Figure Friday 2024 - week 40

The Eurovision Song Contest is an international song competition with a great majority of the contestants representing countries within Europe. This week we will dive into data on 1735 songs that have competed since 1956.

The above data set comes from the eurovision-dataset GitHub repo. However if you’d like to explore other data sets around this famous contest (such as votes per country and per juror, breakdown of regions, or bookmakers’ odds for winners), please visit the mirovision GitHub repo.

Sample figure and app:

Code for sample figure:
import plotly.express as px
import pandas as pd
from dash import Dash, dcc, Input, Output, callback

df = pd.read_csv("https://raw.githubusercontent.com/plotly/Figure-Friday/refs/heads/main/2024/week-40/contestants.csv")


app = Dash()
app.layout = [
    dcc.Dropdown(options=sorted(df.to_country.unique()),
                 value="Netherlands",
                 clearable=False,
                 id="country"),
    dcc.Graph(id="strip-graph")
]

@callback(
    Output("strip-graph", "figure"),
    Input("country","value")
)
def update_graph(country_slctd):
    dff = df.copy()
    dff['color'] = dff['to_country'].apply(lambda x: country_slctd if x == country_slctd else 'other')
    fig = px.strip(dff, x="points_final", y="year", hover_data="to_country", color="color", height=750,
                   color_discrete_map={country_slctd: 'red', 'other': 'blue'})
    return fig

if __name__ == '__main__':
    app.run(debug=True)

Things to consider:

  • can you improve the sample figure built?
  • would a different figure tell the data story better?
  • can you improve the sample Dash app?

Participation Instructions:

  • Create - use the weekly data set to build your own Plotly visualization or Dash app. Or, enhance the sample figure provided in this post, using Plotly or Dash.
  • Submit - post your creation to LinkedIn or Twitter with the hashtags #FigureFriday and #plotly by midnight Thursday, your time zone. Please also submit your visualization as a new post in this thread.
  • Celebrate - join the Figure Friday sessions to showcase your creation and receive feedback from the community.

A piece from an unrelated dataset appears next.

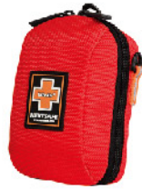
Model: F - PB34 고급 소형 1~2인용 응급키트 / 폴딩시스템

구성품의 수납과 보호는 빠른 처리가 가능한 위치로 밸런싱되었으며 디자인 트렌드에 뒤떨어지지 않도록 넥스트세이프만의 독자 원단으로 6:4비율을 유지하였으며 독립적인 휴대는 물론 타용기와 혼재하는 것이 편리하도록 하였습니다. 모든 어플리케이션과 엑세스리는 비상시 활용할 수 있도록 기본기능과 보조응급 처치로서의 듀얼 기능을 제공합니다.

:point_right: If you prefer to collaborate with others on Discord, join the Plotly Discord channel .

Thank you to Eurovision-dataset and mirovision for the data.

2 Likes

Update: Oct 13
The code produces a heat map with raw data showing total number of votes from any country to any other country. A second heat map is added to show normalize the vote totals. Normalized vote totals are the raw totals divided by the number participation years by the vote-giving country. This bias places higher value on votes from countries with fewer participation years.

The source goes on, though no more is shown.